▸ Directions: The material below holds pictures; leave them out and reproduce exactly the lines from the one with "Petition to Support Ports Toronto" through the one with "SBI Cards, India’s", inclusive.

▸ Given data:

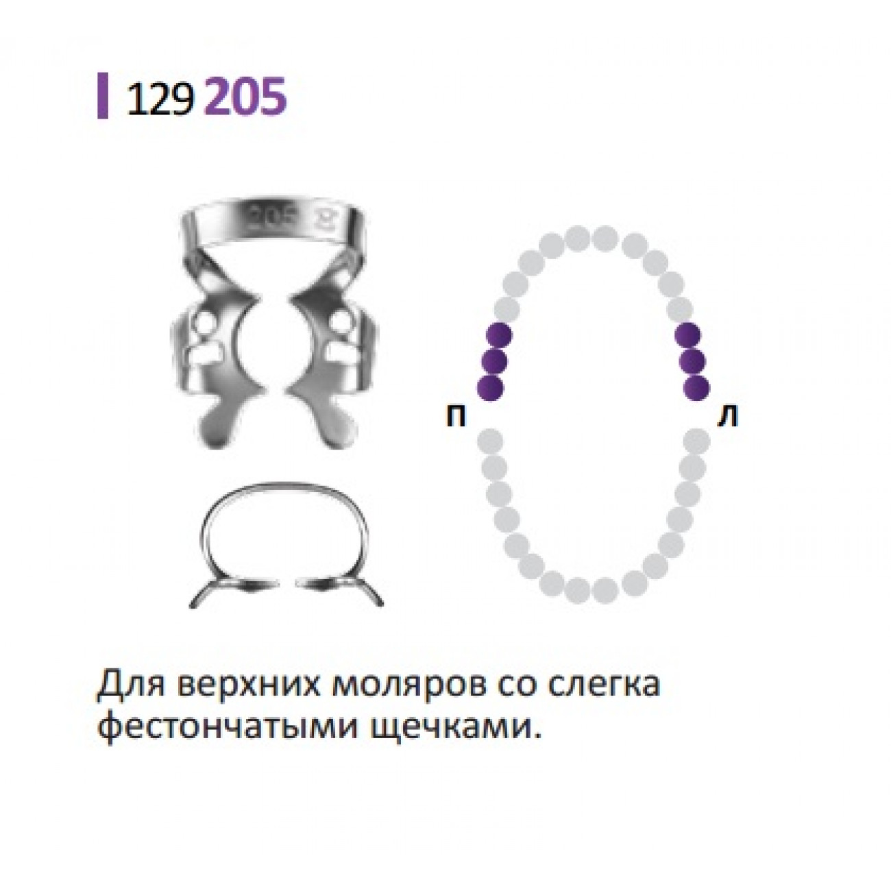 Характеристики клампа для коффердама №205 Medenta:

---

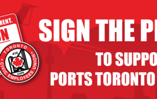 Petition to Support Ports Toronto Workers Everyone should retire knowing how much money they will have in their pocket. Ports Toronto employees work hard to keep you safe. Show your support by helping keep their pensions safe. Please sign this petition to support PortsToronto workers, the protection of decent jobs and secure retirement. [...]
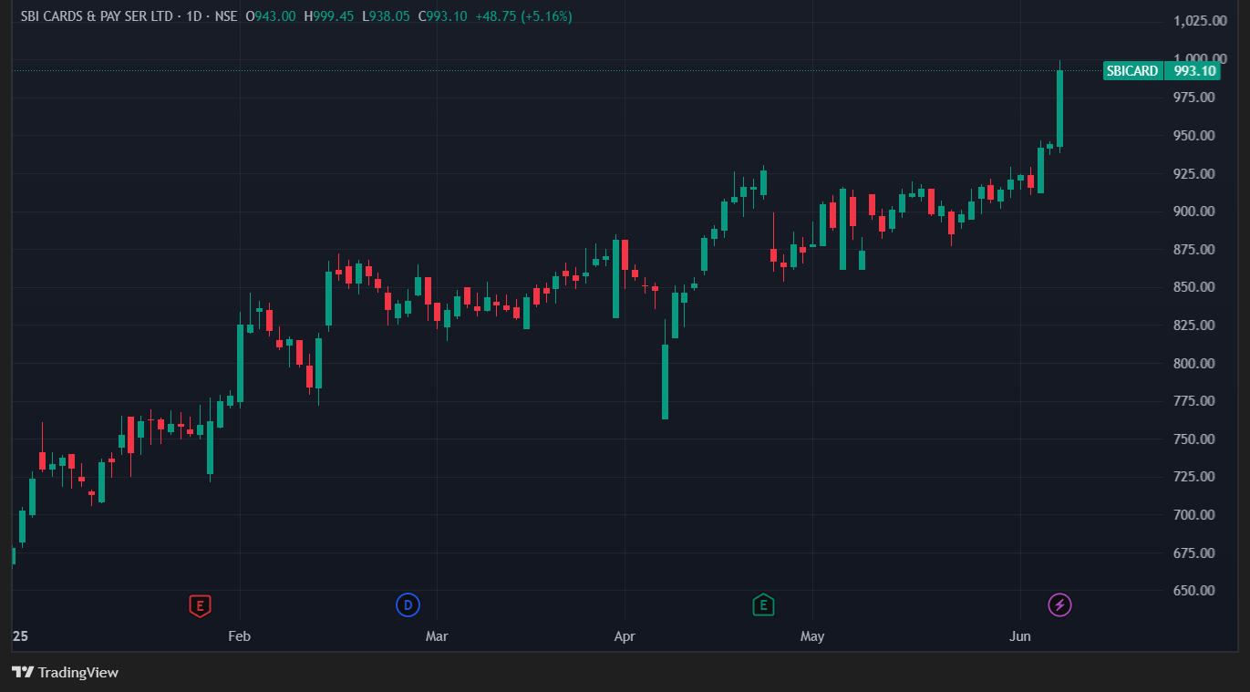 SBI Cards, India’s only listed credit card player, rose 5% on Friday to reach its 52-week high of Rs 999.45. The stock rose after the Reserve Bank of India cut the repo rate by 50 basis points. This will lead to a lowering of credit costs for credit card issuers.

▸ Answer area:
 Petition to Support Ports Toronto Workers Everyone should retire knowing how much money they will have in their pocket. Ports Toronto employees work hard to keep you safe. Show your support by helping keep their pensions safe. Please sign this petition to support PortsToronto workers, the protection of decent jobs and secure retirement. [...]
 SBI Cards, India’s only listed credit card player, rose 5% on Friday to reach its 52-week high of Rs 999.45. The stock rose after the Reserve Bank of India cut the repo rate by 50 basis points. This will lead to a lowering of credit costs for credit card issuers.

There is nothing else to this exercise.